Sure they will be safe. Where do you park your car?


----------



## JWPalmer (May 1, 2017)

Ok, so my attempt at humor fell flat. I would not keep honey in a car. On a sunny, but not even hot day, the interior temperature can easily climb into the 130° range. Not good for the plastic jars or the raw honey you intend to sell.


----------



## FrankBarbee (Aug 20, 2016)

That is what I thought..


----------



## edzkoda (Aug 9, 2014)

JWPalmer said:


> Ok, so my attempt at humor fell flat. I would not keep honey in a car. On a sunny, but not even hot day, the interior temperature can easily climb into the 130° range. Not good for the plastic jars or the raw honey you intend to sell.


Good answer, as a matter of fact so was the first, needed a little humor


----------



## missybee (Sep 6, 2014)

I have left honey in the car, forgetting to pull it out after the market. Temp in the car who knows, but horrible hot,we were in the 90's, but the honey in the bottles was only around 120, used my instant on temperature gauge. It was in there most of the day. Packed tight into boxes. Surprised me it was that cool. 
No problem picking up the bottles, not hot enough to burn the hands.


----------



## edzkoda (Aug 9, 2014)

missybee said:


> I have left honey in the car, forgetting to pull it out after the market. Temp in the car who knows, but horrible hot,we were in the 90's, but the honey in the bottles was only around 120, used my instant on temperature gauge. It was in there most of the day. Packed tight into boxes. Surprised me it was that cool.
> No problem picking up the bottles, not hot enough to burn the hands.

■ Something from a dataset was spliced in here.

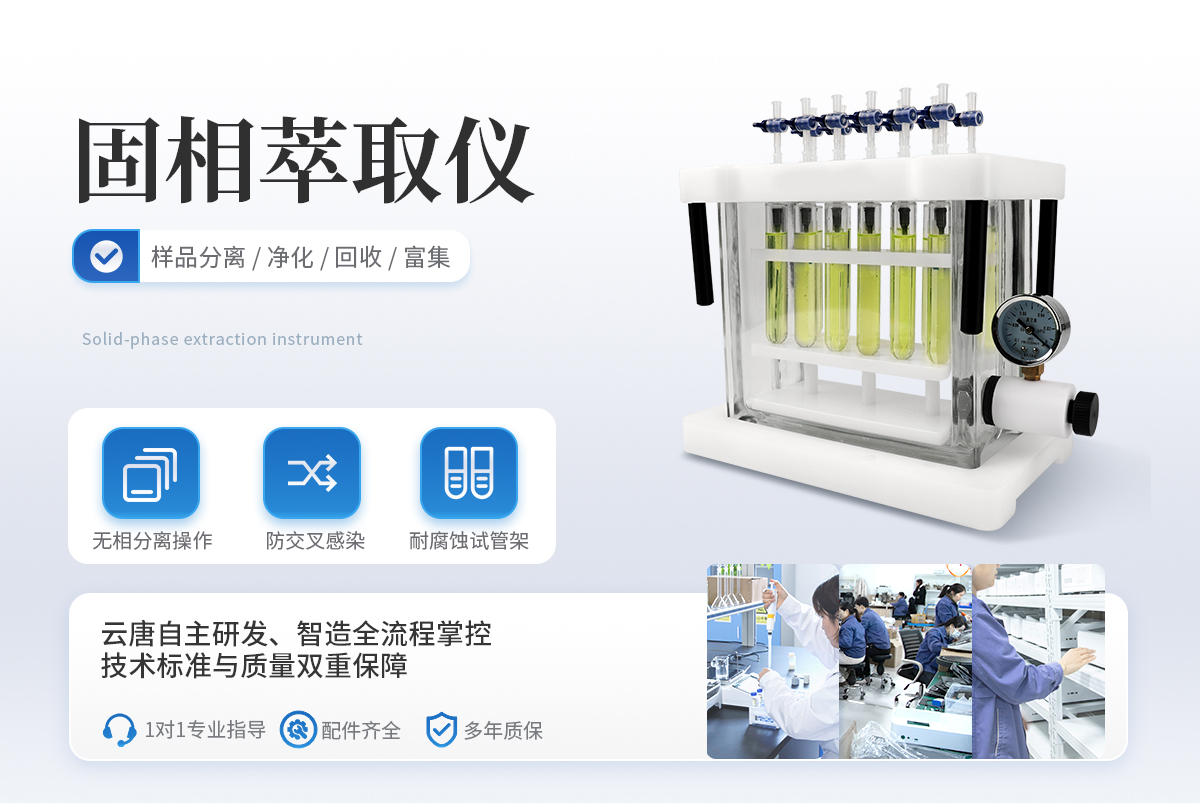 固相萃取仪是由液固萃取和液相色谱技术相结合发展而来,利用固体吸附剂将液体样品中的目标化合物吸附,与样品的基体和干扰化合物分离,然后再用洗脱液洗脱或加热解吸附,达到分离和富集目标化合物的目的(即样品的分离,净化和富集),目的在于降低样品基质干扰,提高检测灵敏度,其应用于各类食品安全检测、农产品残留监控、医药卫生、环境保护、商品检验、自来水及化工生产实验室。

Is it possible that the the fact they were packed in tight boxes somewhat insulated them?


----------



## Butler101 (May 13, 2017)

I put it in a good quality cooler and although the car is hot the jars of honey stay slightly above room temperature. I pull the cooler when I get home and set it in the house with AC. The trick is finding the right sized cooler.


----------



## missybee (Sep 6, 2014)

edzkoda said:


> Is it possible that the the fact they were packed in tight boxes somewhat insulated them?

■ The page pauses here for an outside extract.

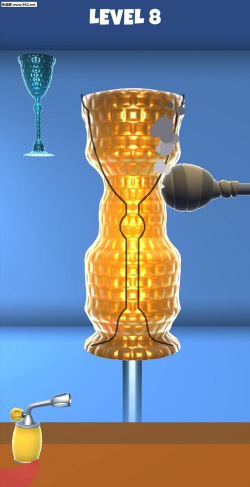 《玻璃吹制3D官方版》(Glass Blowing 3D)是一款画面精致的模拟制作玻璃艺术品的趣味休闲手游,游戏中玩家将成为一个玻璃吹制大师,可以将各种玻璃块吹制成酒杯、碗等各种玻璃制品,一点点的吹制变形,制作出与目标模型一致的样品,可以在玻璃制品上涂抹各种颜色进行装饰。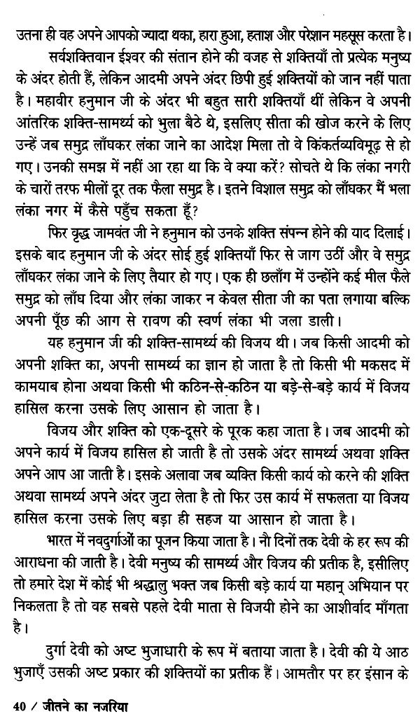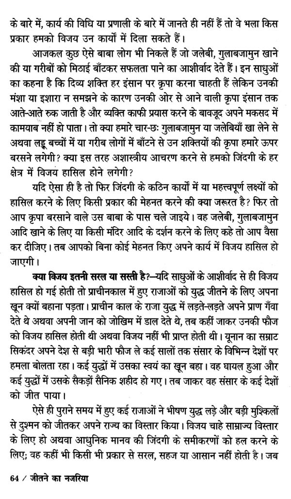 जीत का नजरिया दुरुस्त करने का अर्थ, कर्म करने के नजरिए को दुरुस्त करना होता है। अगर कर्म करने का नजरिया दुरुस्त हो गया अथवा हम चुस्ती-फुर्ती से अपने कार्यों को अंजाम देने में तत्पर रहने लगे तो जीत या विजय हमसे कभी भी दूर नहीं रह पाएगी।

Maybe, it was the normal boxes the plastic bottles come in. The lids were all open. Just each box full of bottles. If the honey was over 115 I would think that you would feel a burning pain. I had no problem handling the bottles, even the metal lids on a few glass bottles. It just felt warm. And it was a all day sunny day. I remembered them around 430p or so. The market was the evening before, night temps were sitting in the mid 70ish


----------



## missybee (Sep 6, 2014)

After the above discussion, I decided to do a quick check. 

I did a test today, one 2 lb plastic jar placed in the car this am, outside temperature got to 88f, full sun. The inside of the car was reading over 140f.

The honey around 10am was 99f, around noon it was 105f, around 4pm it was 115, that was as high as it went. The bottle was in the back of my car and I know the sun also hit it. 

I was using my instant on thermometer also cross tested with a glass thermometer.


----------



## Alex Madsen (Aug 26, 2018)

You can keep the honey in a lunch cooler. It will have enough thermal mass to stay close to room temperature.


----------



## GregB (Dec 26, 2017)

I would not actually worry of the honey heat "spoiling" in a car.
At least it should be qualified and conditional.

Honey (as liquid) has enough thermal capacity; it will take LONG time before it will gain the same temperature as the air around it (air is much weaker heat conductor then water, to compare).
For sure not quickly (several hours in direct sun).

Even more sure not to worry if you do some simple steps to insulate the honey (a couple of blankets on the top; a cardboard box; a foam box/cooler).
If you can park in shade or under cover, even less of an issue.

I kept honey supers (under a blanket) in full sun for better extraction and did not loose sleep.
Not a problem.


----------